When Compassion Meets Curiosity
Raise your hand if you’ve ever missed an opportunity to connect with another person because you’ve judged them (or yourself).
When you are faced with a circumstance that goes against your belief system or value system and you’re triggered into a fit of emotion in what feels like a nanosecond, you can almost watch yourself react as though you’re not in control of yourself anymore. When it passes, and you see the truth of situation, you feel a bit of shame at not having a more controlled response to the situation. If that’s not enough, you are probably making all kinds of excuses about why you behaved the way you did. Never mind the fact that you are still making it all about you.
If this is you, I have good news.
There is an antidote for this response.
I like to call it compassionate curiosity.
When we judge and label things or people, it can be no other way. It is finite. It halts any sense of curiosity and encourages us to make decisions based on the what we think we “know” at that moment. This is a tragedy. Most times, we have no real sense of urgency to decide and respond, it is our choice.
You might be wondering what makes curiosity compassionate. I’m so glad you asked. It simply means that we come from a place of love and acceptance. Our motivation for curiosity is rooted in genuine desire to understand or appreciate others, especially when they are different from us. We put aside any selfish motivation for our inquiry.
The litmus test is checking in with yourself after you’ve been curious to see if there is any urge to change the other person or if there is any lingering hope for them to be different than they are. If you feel these things, you are not truly compassionate and your curiosity could be seen as manipulative or disingenuous.
What would be different if you practiced compassionate curiosity in place of judgment? With yourself? With others? Would you be willing to try it and be open to how it could change your life?
Sure, but how? You might be thinking that there is a complex process for doing this, but it’s really quite simple.

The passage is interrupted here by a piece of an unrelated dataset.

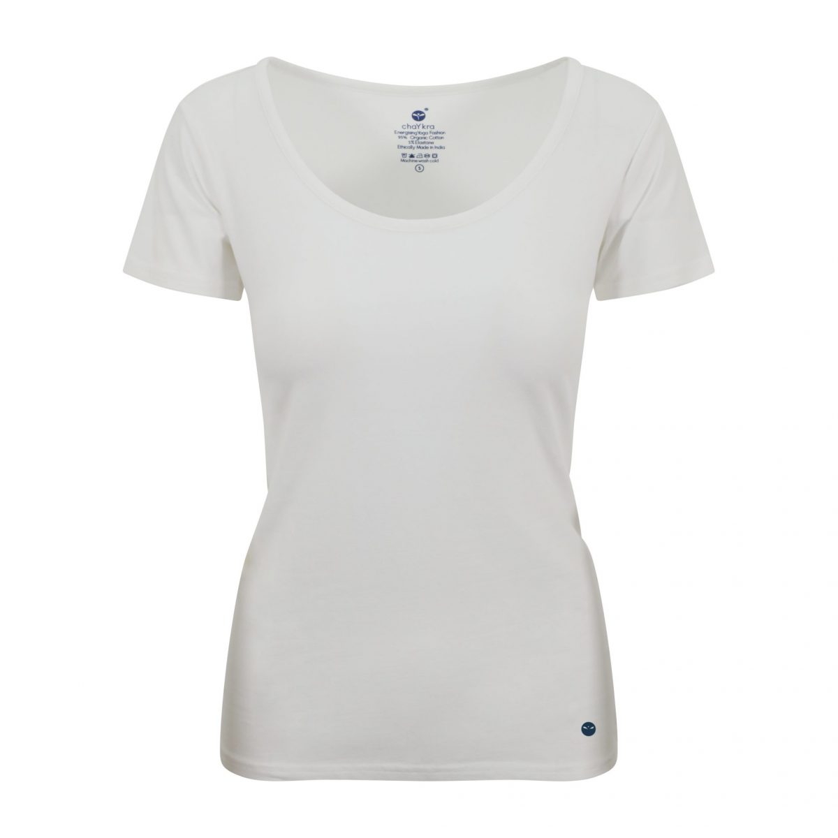 The classic style of the white half sleeve t-shirt showcases the super soft finish and high quality of the organic cotton stretch blend. This design has a moderate rounded neckline. Balancing comfort and simple style, this yoga top will become a favourite staple piece in your yoga wardrobe!

The first step is knowing that you choose your thoughts. Any belief that thoughts “happen” to you is just false. Own up to your thinking. Take responsibility, without judgment of course.
The second step is knowing and labeling your triggers. What circumstances influence you to behave this way. What are your default thoughts about those circumstances? What have you already decided they mean?

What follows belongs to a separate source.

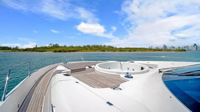 With a top speed of 32 knots and zero speed fin stabilizers, this impeccably-styled sport yacht will get you from point A to point B both quickly and comfortably. Exceptional exterior areas create the perfect atmosphere for entertaining friends and family at sea. A large cockpit with sun lounge, and a jacuzzi with sunpads forward allow you to relax in luxury.

Next, start paying attention to what you “generally” do when you are triggered. Make some notes. Do this over time so that you can spot patterns in your behavior. Nothing outside of you causes your behavior. Your behavior comes from your feelings, which are caused by your thinking.
Then find the facts in the story (story = a collection of thoughts). The story you create around your experience is likely enmeshed with a few actual facts. Pull them forward. What’s left? Probably a serious of assumptions, interpretations and beliefs.
And, finally, get curious about “what is”, not what “you’ve manufactured about what is”. What don’t you know? What else could be true?
That’s it.
Start with simple things. When you notice yourself judging, step back and just say “huh, that’s interesting”. See if you can generate some desire to understand the things you judge. This will lead to curiosity. Throw in some love and practice it like it’s your job.
When you’ve developed some proficiency there, challenge yourself to move toward appreciating and accepting (and be mindful that acceptance is not agreement). Your life will be forever changed my friends.